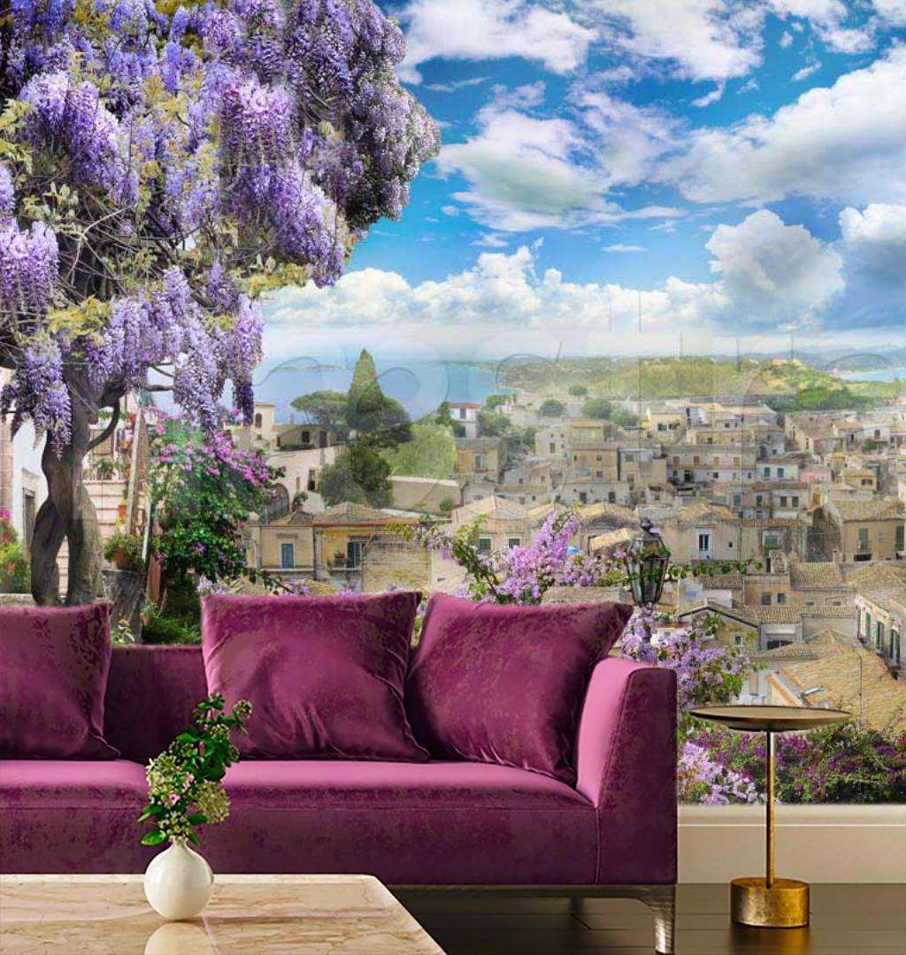 Бесшовные обои на стену: Дерево сирени с видом на город. Артикул: 7-086
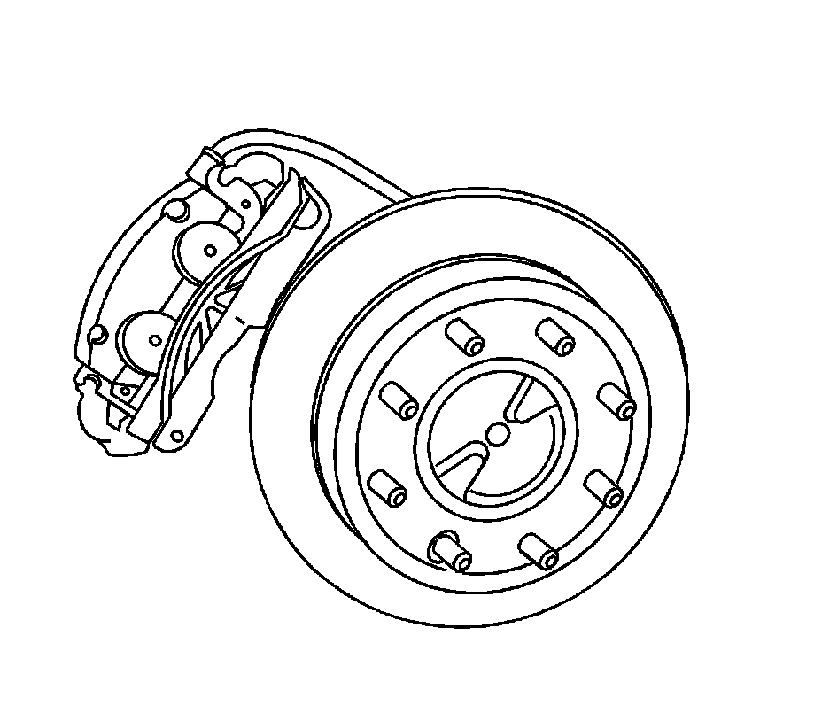 Notice: Support the brake caliper with heavy mechanic wire, or equivalent, whenever it is separated from its mount and the hydraulic flexible brake hose is still connected. Failure to support the caliper in this manner will cause the flexible brake hose to bear the weight of the caliper, which may cause damage to the brake hose and in turn may cause a brake fluid leak.
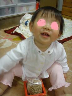 節分の日の今日は、パパに早く帰宅してもらうことにしました。だって鬼役がいないとつまらないし……と言うことで、パパは頑張って20時前に帰宅の約束。気分を高めて日中にシュンちゃんママから頂いた節分のお豆を見せてあげました。豆まきとは何かまだ分からないよねりーちゃんはお風呂に入りもうそろそろお眠りモードですが、いざ節分行事の始まりパパが帰宅し、こんなものを買ってきてくれました。私は初めて見ましたが、柊(ひいらぎ)と言います。『柊は大豆の木とともに束にしていわしの頭をさし、悪臭と共に柊のとげで鬼の目を刺し、鬼を退散させるといいます。玄関・門戸へかかげ、約払いをします』と説明書きがありました。いわしの頭はありませんでしたので、ただお飾りデスそれにしても悪臭ってそしていよいよ「豆まき」「おにはーそと、ふくはーうち」お豆を何回も拾っては投げて、お掃除大変、寝る前にドタバタの大興奮「豆まき」の言葉、少しわかったかな。夜は興奮のせいで寝つきが悪く、ママもまさかのダウンパパが寝る時にハッと起き、部屋の片づけに行くと…まさかまさかのお雛様がビックリパパは一人で散らばった豆まき掃除&お雛様の飾り付けをしてくれました。スゴイなぁパパ、どうもありがとう
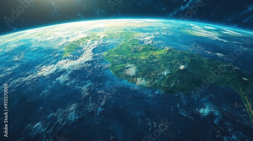 © sa-photo, Fototapeta premium A travel background with a subtle gradient of blue and green, evoking a sense of global exploration. Ample copy space.
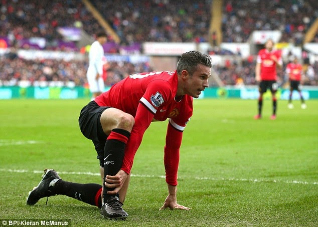 After patient passing from United, McNair won a free-kick on the right. Angel Di Maria lashed a ball into the middle which fell to van Persie, but the Dutchman fired so wildly from an acute angle that it went out for a throw-in on the other side of the pitch.
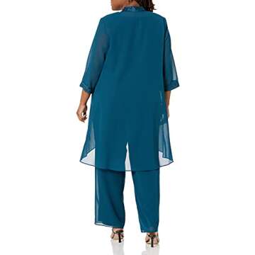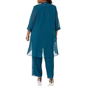 Show moreStep into elegance with the Le Bos Women's Plus Size FORTUNY Trim Long Jacket Pant Set. Crafted for the modern woman who values versatility and style, this stunning outfit features a long jacket paired with tailored pants, elegantly designed in a rich teal color that flatters all skin tones. Whether you’re attending a wedding, a dinner party, or a church service, this outfit transitions smoothly from day to night, making it a perfect addition to your wardrobe. The breathable fabric ensures comfort, while the chic silhouette enhances your curves beautifully, making you feel confident and poised at any event.

—————

> **Prompt**
Copy the data word for word and omit every picture.

> **Answer section**
 Бесшовные обои на стену: Дерево сирени с видом на город. Артикул: 7-086
 Notice: Support the brake caliper with heavy mechanic wire, or equivalent, whenever it is separated from its mount and the hydraulic flexible brake hose is still connected. Failure to support the caliper in this manner will cause the flexible brake hose to bear the weight of the caliper, which may cause damage to the brake hose and in turn may cause a brake fluid leak.
 節分の日の今日は、パパに早く帰宅してもらうことにしました。だって鬼役がいないとつまらないし……と言うことで、パパは頑張って20時前に帰宅の約束。気分を高めて日中にシュンちゃんママから頂いた節分のお豆を見せてあげました。豆まきとは何かまだ分からないよねりーちゃんはお風呂に入りもうそろそろお眠りモードですが、いざ節分行事の始まりパパが帰宅し、こんなものを買ってきてくれました。私は初めて見ましたが、柊(ひいらぎ)と言います。『柊は大豆の木とともに束にしていわしの頭をさし、悪臭と共に柊のとげで鬼の目を刺し、鬼を退散させるといいます。玄関・門戸へかかげ、約払いをします』と説明書きがありました。いわしの頭はありませんでしたので、ただお飾りデスそれにしても悪臭ってそしていよいよ「豆まき」「おにはーそと、ふくはーうち」お豆を何回も拾っては投げて、お掃除大変、寝る前にドタバタの大興奮「豆まき」の言葉、少しわかったかな。夜は興奮のせいで寝つきが悪く、ママもまさかのダウンパパが寝る時にハッと起き、部屋の片づけに行くと…まさかまさかのお雛様がビックリパパは一人で散らばった豆まき掃除&お雛様の飾り付けをしてくれました。スゴイなぁパパ、どうもありがとう
 © sa-photo, Fototapeta premium A travel background with a subtle gradient of blue and green, evoking a sense of global exploration. Ample copy space.
 After patient passing from United, McNair won a free-kick on the right. Angel Di Maria lashed a ball into the middle which fell to van Persie, but the Dutchman fired so wildly from an acute angle that it went out for a throw-in on the other side of the pitch.
 Show moreStep into elegance with the Le Bos Women's Plus Size FORTUNY Trim Long Jacket Pant Set. Crafted for the modern woman who values versatility and style, this stunning outfit features a long jacket paired with tailored pants, elegantly designed in a rich teal color that flatters all skin tones. Whether you’re attending a wedding, a dinner party, or a church service, this outfit transitions smoothly from day to night, making it a perfect addition to your wardrobe. The breathable fabric ensures comfort, while the chic silhouette enhances your curves beautifully, making you feel confident and poised at any event.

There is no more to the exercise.